The Balancing Formula for Existential Anxiety
You can think of it as an equation:
Information Intake ≤ Action Capacity
If intake exceeds action, anxiety rises.
If action matches intake, anxiety stabilizes.
If intake is high and action is zero, anxiety becomes overwhelming.
This is not about perfection. It’s about awareness.
Activism Without Burnout
Many people experiencing existential crises are deeply values-driven. They want to make a difference. The risk is overextending.
Sustainable engagement looks like:
Long-term participation, not short bursts of intensity.
Choosing one lane rather than trying to fix everything.
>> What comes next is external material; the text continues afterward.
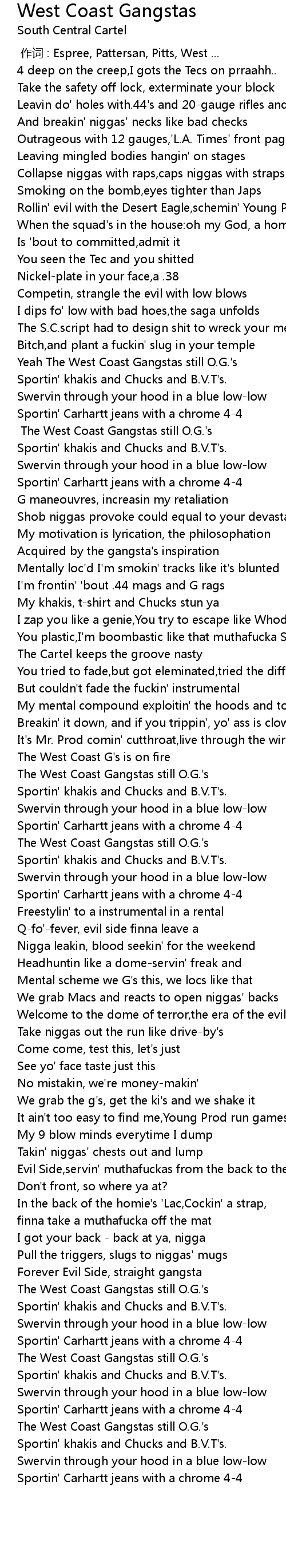 | [00:54.43] | Yeah The West Coast Gangstas still O. G.' s |

Rest as part of responsibility.
Community rather than isolation.
Burnout helps no cause.
If your activism leaves you emotionally shut down, irritable, or hopeless, the balance is off.
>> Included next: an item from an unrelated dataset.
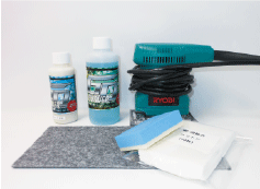 ガラスに蓄積された結晶化した水垢(鱗)を溶かしながら研磨して鱗を除去する。

When an Existential Crisis Becomes Clinical Anxiety
Sometimes existential distress crosses into clinical anxiety.
Consider seeking counseling or therapy if you experience:
Panic attacks
Persistent insomnia
Constant intrusive thoughts
Loss of functioning at work or home
Feeling detached or numb
Ongoing hopelessness
An existential crisis is normal.
Chronic dysregulation is not something you have to handle alone.
Counseling can help you:
Identify activation patterns
Develop emotional regulation skills
Clarify your values
Create a sustainable action plan
Reduce rumination
You don’t need to stop caring to feel better. You need structure.
Surviving an Existential Crisis in Cedar Falls and Beyond
If you’re in Cedar Falls, Waterloo, Waverly, or the broader Cedar Valley, it’s important to know that many others are wrestling with similar concerns.
An existential crisis doesn’t mean you’re weak. It often means you are aware.
The goal is not to eliminate awareness.
The goal is to regulate it.
When anxiety has:
A clear boundary
A defined outlet
A physical release
It becomes manageable.
When it has no direction, it becomes overwhelming.
Anxiety Is Energy
Surviving an existential crisis is less about finding perfect answers and more about managing activation.
Remember these three principles:
Limit anxiety sources to match action outlets.
Increase engagement to utilize anxiety productively.
Use the energy when needed, discharge it when not.
Existential anxiety is not a flaw. It is a sign that you care about your life and your world.
If you’re feeling overwhelmed and unsure how to create that balance, therapy can help you organize the energy instead of being consumed by it.
You don’t have to carry the weight of existence alone.